» **Work instruction**
Please repeat exactly the lines below from the line with "Клейма: на оборотной" to the line with "확진자 10만9831명…하루새 1만6천명 늘어 11만명 코앞", including both, and leave out every picture.

(Records from a data source)
☆ ☆ ☆ ☆ ☆

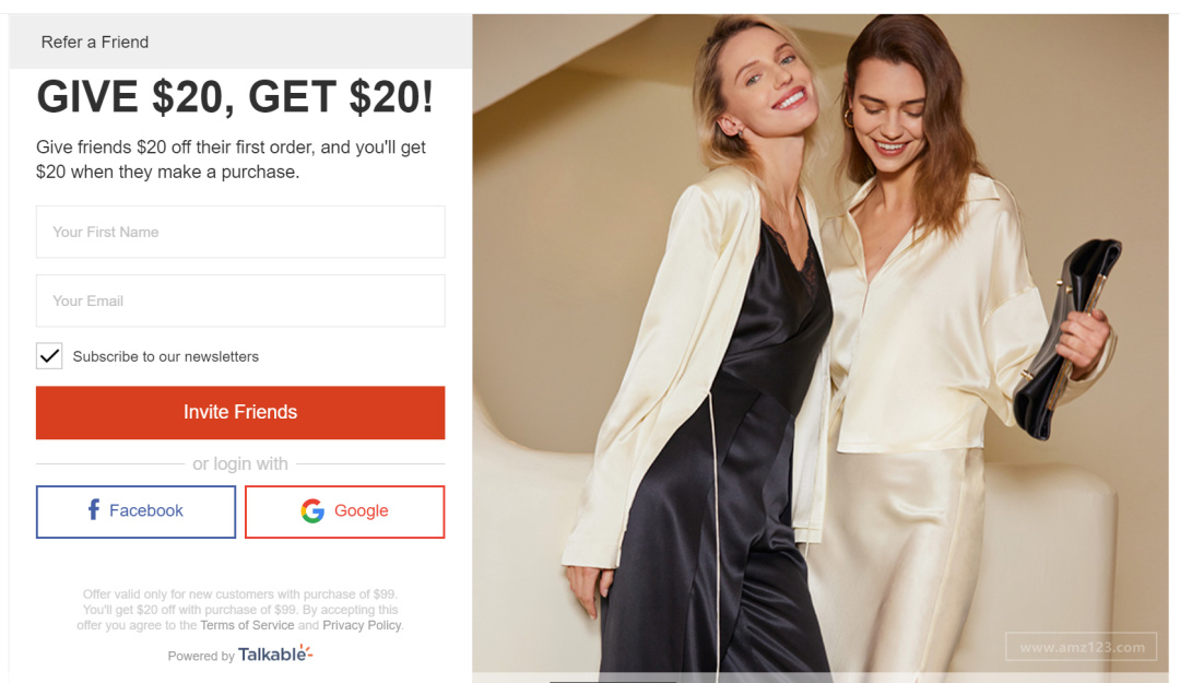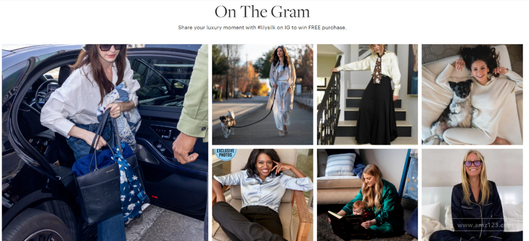 作为DTC品牌,一个明显的优势正是可以最大程度地缩短了用户触达的距离,又通过产品共创、社交营销实现的用户心理共振,挖掘用户的最大价值,实现品牌和产品的双赢。 对于Lilysilk来说,它也将"用户共创"这一招用得十分巧妙——在官网上,就好几种与用户"对话"的方式: 01、善用免单奖励鼓励用户分享;Lilysilk鼓励用户在Ins上做内容分享,分享内容带有#lilysilk 的话题标签,就有机会获得免单奖励。 这样的做法即有利于提高社媒及谷歌关键词搜索排名,也有利于打通社媒与独立站,形成渠道优势互补,提高品牌影响力。 02、鼓励用户之间互相推荐;
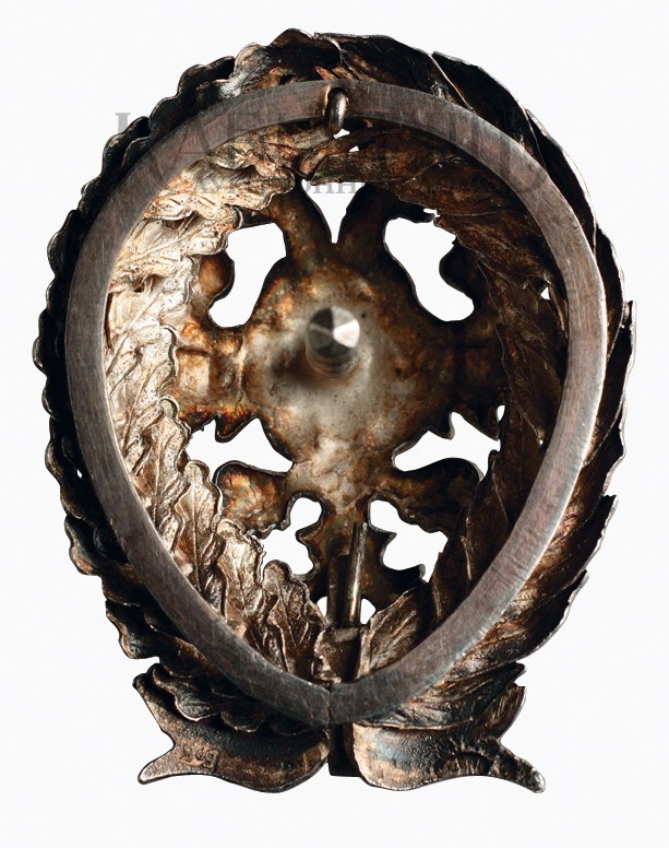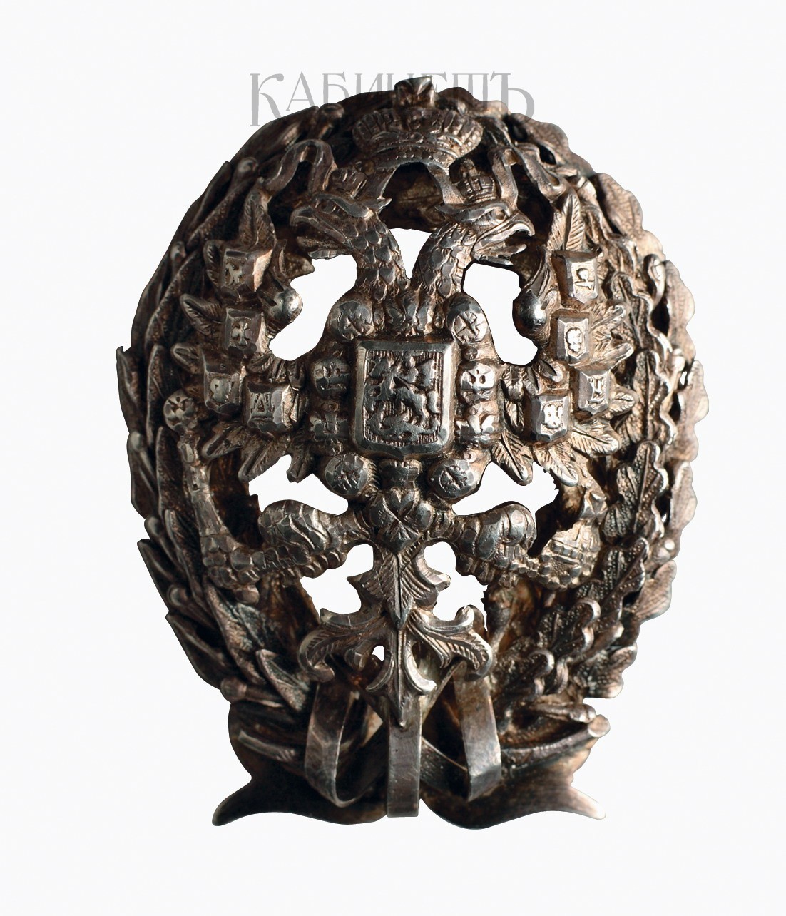 Клейма: на оборотной стороне – 84-й пробы с женской головкой в кокошнике, повернутой вправо, и буквой «дельта», знак удостоверения, именник «БрБ»; на шайбе – знак удостоверения и именник; на гайке – знак удостоверения.
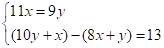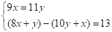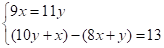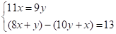 5. 《九章算术》是我国古代数学的经典书,书中有一个问题:“今有黄金九枚,白银一十一枚,称之重适等;交易其一,金轻十三两.问金、银一枚各重几何?”意思是甲袋中装有黄金9枚(每枚黄金重量相同),乙袋中装有白银11枚(每枚白银重量相同),称重两袋相等.两袋互相交换1枚后,甲袋比乙袋轻了13两(袋子重量忽略不计).问黄金、白银每枚各重多少两?设每枚黄金重x两,每枚白银重y两,则可列方程组为( )
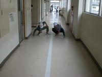 管理棟1階の廊下は6年生の2クラスが掃除に来ています。さすが6年生です、全校のお手
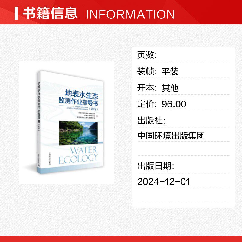 📚 地表水生态监测作业指导书(试行) 生态环境部生态环境监测司,中国环境监测总站,生态环境部卫星环境应用中心 编 环境科学专业科技
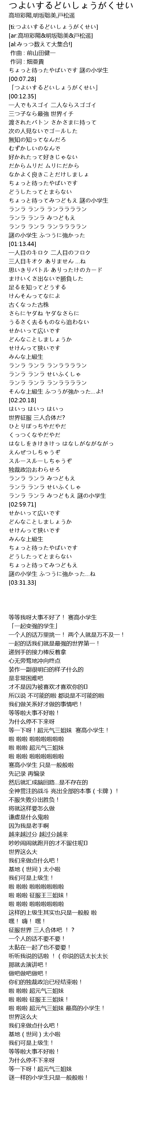 | [00:50.54] | ちょっと待ってみつどもえ 謎の小学生 |
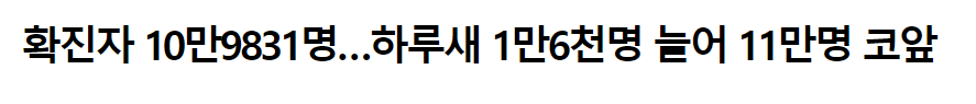 확진자 10만9831명…하루새 1만6천명 늘어 11만명 코앞
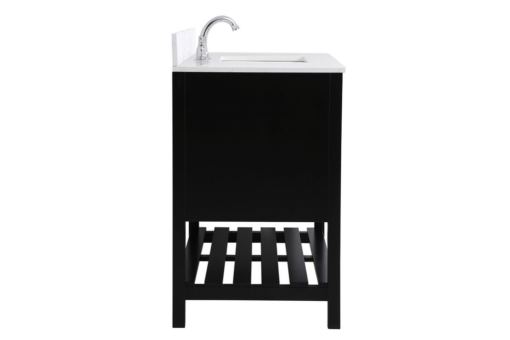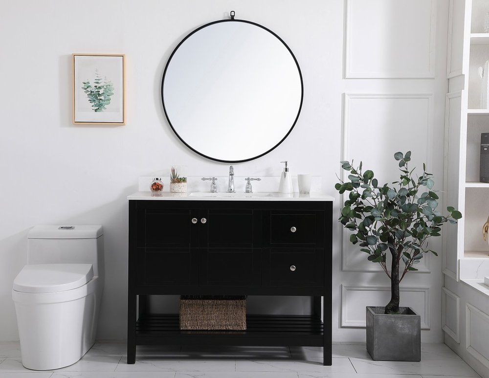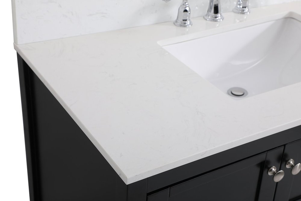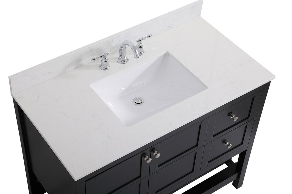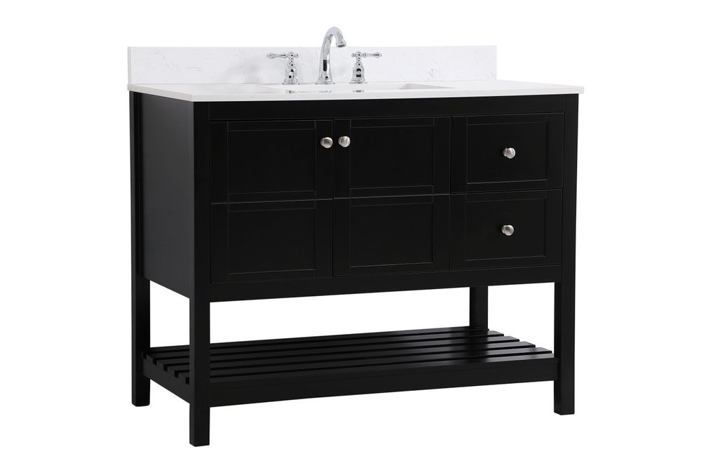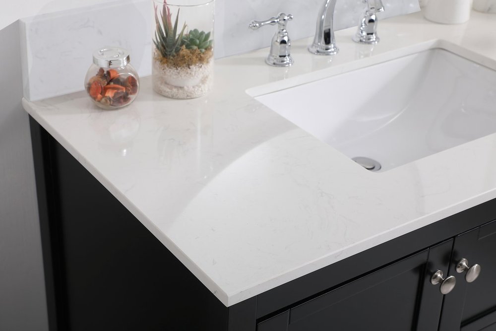 The subtle beauty of the Theo collection 42" vanity in a black finish exudes comfortable luxury. Its modern, yet traditional beauty will surely dress up your bathroom or powder room without any fuss. The white stone countertop and porcelain undermount sink shows quiet opulence, and the legs support upright without fail. Brushed Nickel hardware complements the trendy black finish, with pulls adorning the two cabinet doors and two drawers, showcasing ample storage space within. Slated shelf allows for additional space to organize your towels. Whether this vanity is in your bathroom or for guests, its presence will surely elevate the aesthetics of your room. Comes with a matching backsplash to complete the look and protects your wall.

☆ ☆ ☆ ☆ ☆

» **Answer**
 Клейма: на оборотной стороне – 84-й пробы с женской головкой в кокошнике, повернутой вправо, и буквой «дельта», знак удостоверения, именник «БрБ»; на шайбе – знак удостоверения и именник; на гайке – знак удостоверения.
 5. 《九章算术》是我国古代数学的经典书,书中有一个问题:“今有黄金九枚,白银一十一枚,称之重适等;交易其一,金轻十三两.问金、银一枚各重几何?”意思是甲袋中装有黄金9枚(每枚黄金重量相同),乙袋中装有白银11枚(每枚白银重量相同),称重两袋相等.两袋互相交换1枚后,甲袋比乙袋轻了13两(袋子重量忽略不计).问黄金、白银每枚各重多少两?设每枚黄金重x两,每枚白银重y两,则可列方程组为( )
 管理棟1階の廊下は6年生の2クラスが掃除に来ています。さすが6年生です、全校のお手
 📚 地表水生态监测作业指导书(试行) 生态环境部生态环境监测司,中国环境监测总站,生态环境部卫星环境应用中心 编 环境科学专业科技
 | [00:50.54] | ちょっと待ってみつどもえ 謎の小学生 |
 확진자 10만9831명…하루새 1만6천명 늘어 11만명 코앞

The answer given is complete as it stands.